_Requirement_
Repeat the data exactly as given below, dropping every picture.
★ ★ ★
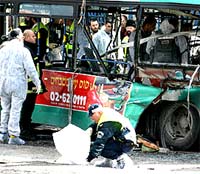 The blast went off about 8:30 am, the peak of rush hour, as the packed public bus drove past a gas station in downtown Jerusalem. Several high school students were on the bus, and at least two of the dead were teenagers. Sunday is a regular weekday in Israel.
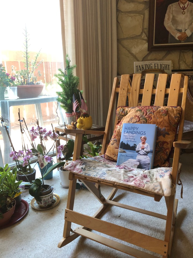 Fellow biographer Raqui Ramsey lives in Los Angeles now, but she and her husband, Ed, had good friends in Blue Hill–Tony and Nancy Butler–so she has been here often and has many fond memories of this town where Emilie Loring lived. Now, “I continue to enjoy reading the book sitting in my rocking chair in the afternoon and looking at both my inner and outer garden with all blooming orchids and roses.” We’ll have tea together in 2024 when the film of her current biography, Taking Flight: The Nadine Ramsey Story debuts in Hollywood!
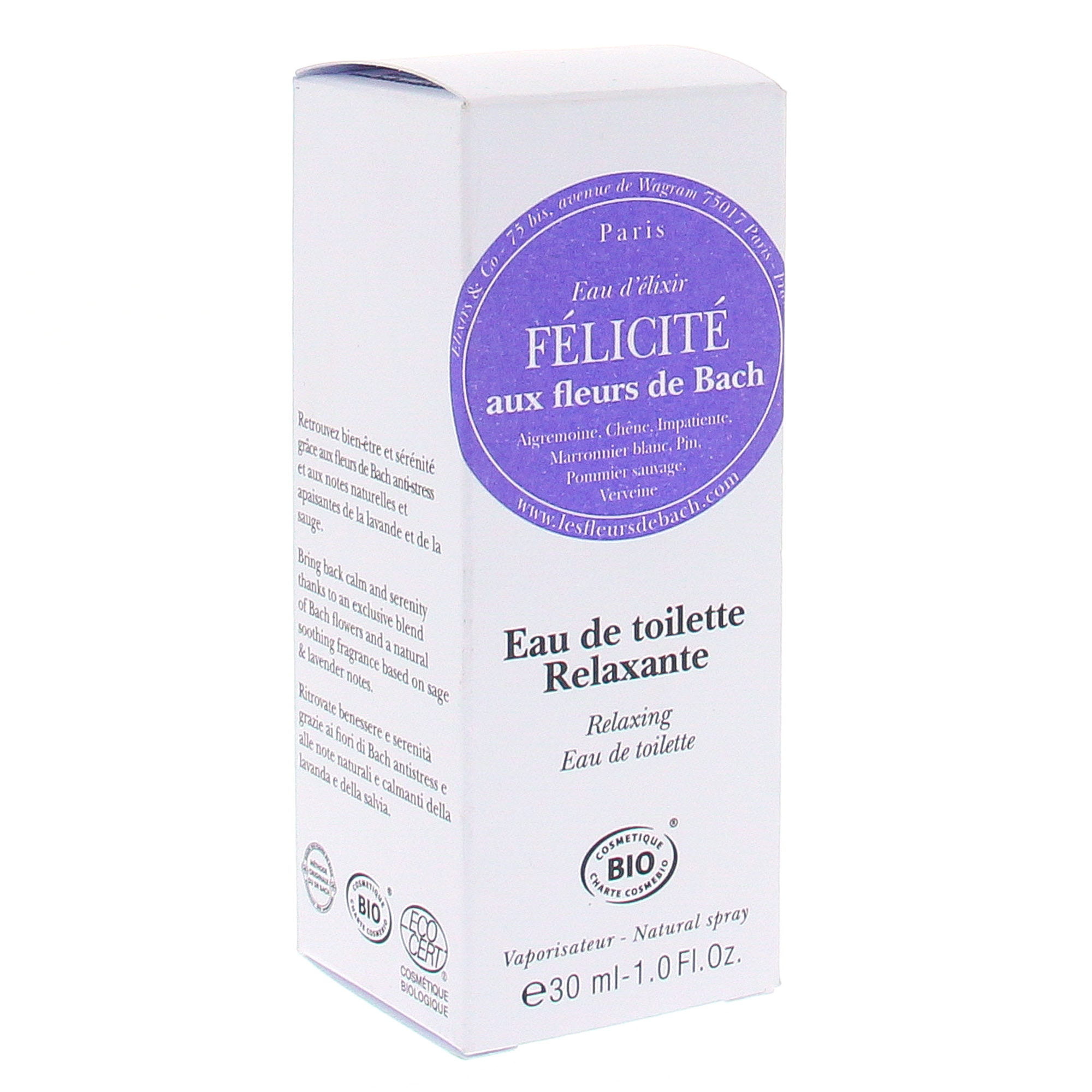 Formulé à partir de Fleurs de Bach anti-stress allié à la sauge et à la lavande, cette eau de toilette vous aide à retrouver calme et quiétude.
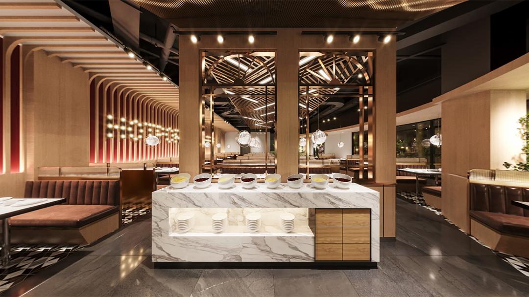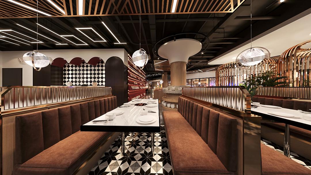 針對一人食小火鍋的私密性與社交需求,博妍采用 “沉浸式單人餐位+輕社交模塊” 組合設(shè)計(jì):通過暖黃燈光、木質(zhì)隔斷與綠植造景營造溫馨氛圍;設(shè)置獨(dú)立吧臺或卡座,搭配可調(diào)節(jié)隔板靈活劃分空間;選用防火耐磨的仿古地磚、易清潔墻面涂料,兼顧實(shí)用性與安全性
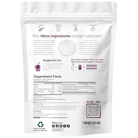 Thông tin sản phẩm Micro Ingredients Multi Collagen Peptides Powder, 40 Stick Packs | Type I, II, III, V, X + Biotin, Vitamin C & Hyaluronic Acid | Unflavored | Supports Hair, Skin & Joint Health | Keto, Non-GMO
★ ★ ★
_Response below_
 The blast went off about 8:30 am, the peak of rush hour, as the packed public bus drove past a gas station in downtown Jerusalem. Several high school students were on the bus, and at least two of the dead were teenagers. Sunday is a regular weekday in Israel.
 Fellow biographer Raqui Ramsey lives in Los Angeles now, but she and her husband, Ed, had good friends in Blue Hill–Tony and Nancy Butler–so she has been here often and has many fond memories of this town where Emilie Loring lived. Now, “I continue to enjoy reading the book sitting in my rocking chair in the afternoon and looking at both my inner and outer garden with all blooming orchids and roses.” We’ll have tea together in 2024 when the film of her current biography, Taking Flight: The Nadine Ramsey Story debuts in Hollywood!
 Formulé à partir de Fleurs de Bach anti-stress allié à la sauge et à la lavande, cette eau de toilette vous aide à retrouver calme et quiétude.
 針對一人食小火鍋的私密性與社交需求,博妍采用 “沉浸式單人餐位+輕社交模塊” 組合設(shè)計(jì):通過暖黃燈光、木質(zhì)隔斷與綠植造景營造溫馨氛圍;設(shè)置獨(dú)立吧臺或卡座,搭配可調(diào)節(jié)隔板靈活劃分空間;選用防火耐磨的仿古地磚、易清潔墻面涂料,兼顧實(shí)用性與安全性
 Thông tin sản phẩm Micro Ingredients Multi Collagen Peptides Powder, 40 Stick Packs | Type I, II, III, V, X + Biotin, Vitamin C & Hyaluronic Acid | Unflavored | Supports Hair, Skin & Joint Health | Keto, Non-GMO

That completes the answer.